“Why?” Monday asks.
“‘I have an ill-divining soul,’” Mab says.
“I do not know what that means,” Monday says.
“It’s Romeo and Juliet,” Mab explains.
“I do not know what that means anyway,” Monday says.
Mab looks at me, and I look at her. “Just in case,” she says.
There are Christmas lights winking cheerily from a few houses, our neighbors, our fellow citizens, survivors. I am praying no one will hear us, step out onto a creaking front step, turn on a porch light, and ask what the hell we think we’re doing in the middle of this night. But I am confident that if they do, and if we tell them, they will join arms and come along to help. We are all in this together now.
But Bourne sleeps on.
We cross Maple and the cemetery, and I find our father with my eyes. I wonder if he would applaud what we’re doing or chastise us for the foolishness we are about to undertake. If he were angry, I would remind him that the worst that can happen is we could all die, and then I’d ask him how it is, and if it isn’t after all worth it maybe for such a righteous cause. If we could sit and chat and compare stories, my father and I, reflect and philosophize, I am certain he would conclude what we have concluded, that there is nowhere his daughters could be right now but where we are.
If you type much with only one hand—or too fast or thinking of other things—you may have noticed, as I have, as Duke Templeton should have, that there is only one tiny transposition, the merest trip of the fingertips, between “destroy” and “destory.” I have long thought of ours as a town destroyed, but it occurs to me now it’s not that bad. Bourne is not destroyed, just destoried—stripped of our past, our memories, our lessons, our sense of shared history and how we came to be. Our destory is not our story, which is what would have been had Belsum never entered our pages, but it does not mean that we have no future. We do. We just don’t know what it is yet.
But I do know this: part of our destory is who’s telling it. My mother, she’s telling Bourne’s old story, its should-be story. It’s our turn now, and we must tell the destory, what happened instead, what happens next. Revenge, recrimination, restitution—where you prove it and you sue and you win and that’s why they leave and that’s how you move on—all of that is the old story, and we left that one somewhere along the path, forking off to where we are now, on our secret way in the night. It’s not our mother—our mothers, the last generation—who can fix this. They can’t. It is up to us now, the daughters, to move our town forward, to save us all, to tell a different story. Her way was lawyers and injunctions and lawsuits and the bounds of the system. Ours will be something else because here is a thing we know which Nora does not: sometimes you have to destroy—or destory—something in order to save it.
Appealing as the symbolism would be, Bluebell Lake is not large enough to flood all of Bourne. A catastrophic swell of water will not drown our town and everyone in it, sleeping in their beds unawares, many of them utterly unable to run away in the event of an emergency or really anything else. The dam itself is so small that even if we somehow destroyed the whole thing, it wouldn’t mean an exploding wall of stone and steel and cement flattening Bourne back to earth. All it will do is move a river. Less than that, even. All it will do is return the river whence it came. But without the river right where it is now, the plant can’t operate. The dam is such an insignificant thing, not as tall as our house and not much wider, that it’s hard to believe it’s caused so much trouble. It’s even harder to believe its removal will end, and then begin, so much else. But that’s what we’re counting on anyway.

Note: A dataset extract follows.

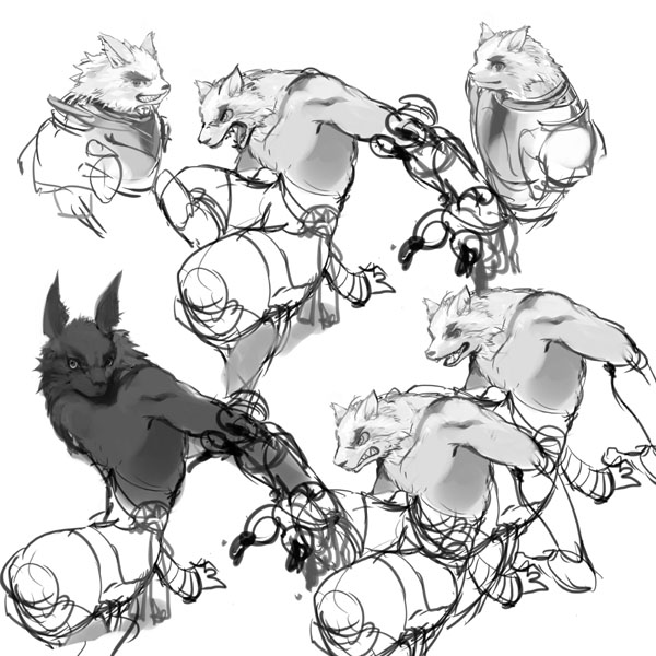 全体のラフです、完成のイメージをつかむため&テンションアップのために、顔だけ描き込みをしています。今回は、隙間を無くすくらいみっちり模様を描くのが1つの目標です。最初は体型にメリハリをつけるために、エヴァンゲリオンみたいな腹部にする予定でした。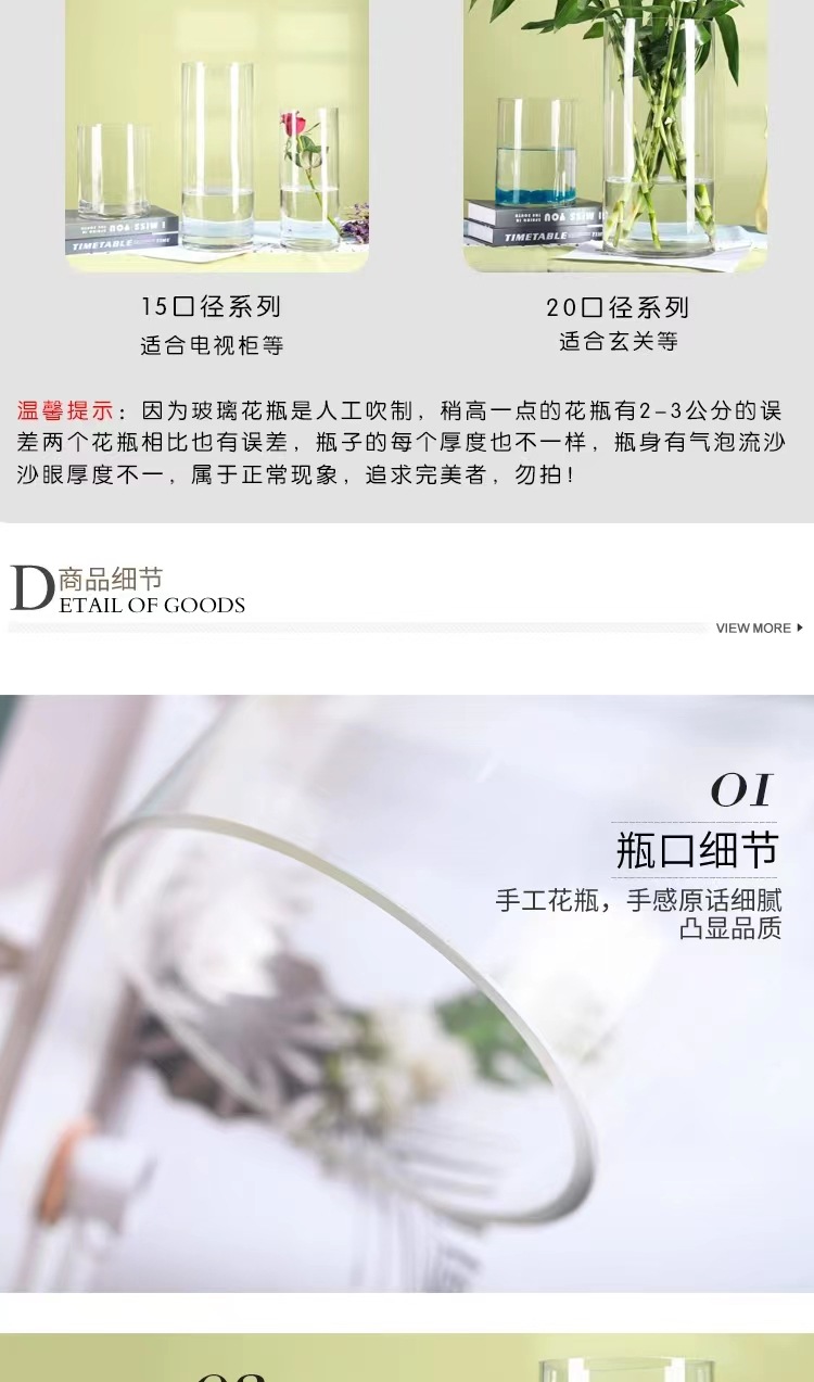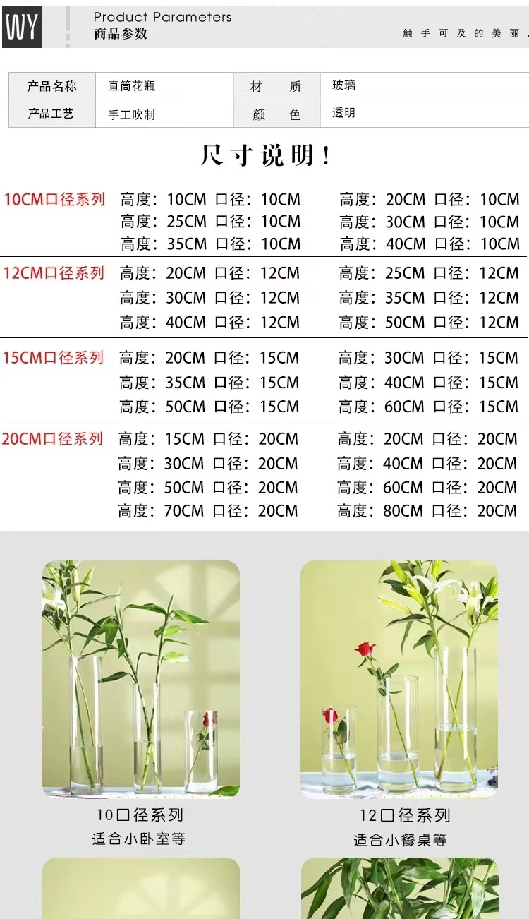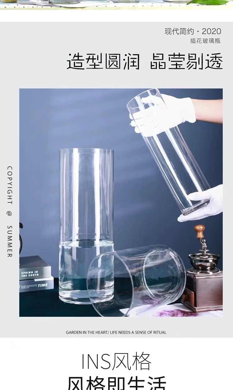 꽃병 장식 거실 꽃꽂이 투명 유리 병 in 스타일 술 취한 나무 물 기르는 넓은 입 인터넷 유명 인사 큰 풍부한 대나무스토어 가기

We traverse the quiet streets of our sleeping town, a parade, a cavalcade, the triumphant march of battle-worn just-barely survivors, midnight riders, three against the world. To me it feels like floating, but that’s easy for me to say since all I have to do is sit here and hard for me to say since all I get to do is sit here. As we near the plant and push up and over the bridge, I am thinking about what we’ll say to Hobart when we show up in the dead of night without River to vouch for us. My first plan is to get Mab to show him the key. If she’s been given a key to the place, surely she’s allowed inside, and we’re her sisters, after all. My second plan, though, if he balks at the first, is to admit what we intend. Job or no job, whose side is he going to be on, Belsum’s or ours?
But it turns out not to matter. The plant has security during the day; if you come at midnight, apparently all you need is the key. Mab fits it into the lock and opens the door like we’re coming home.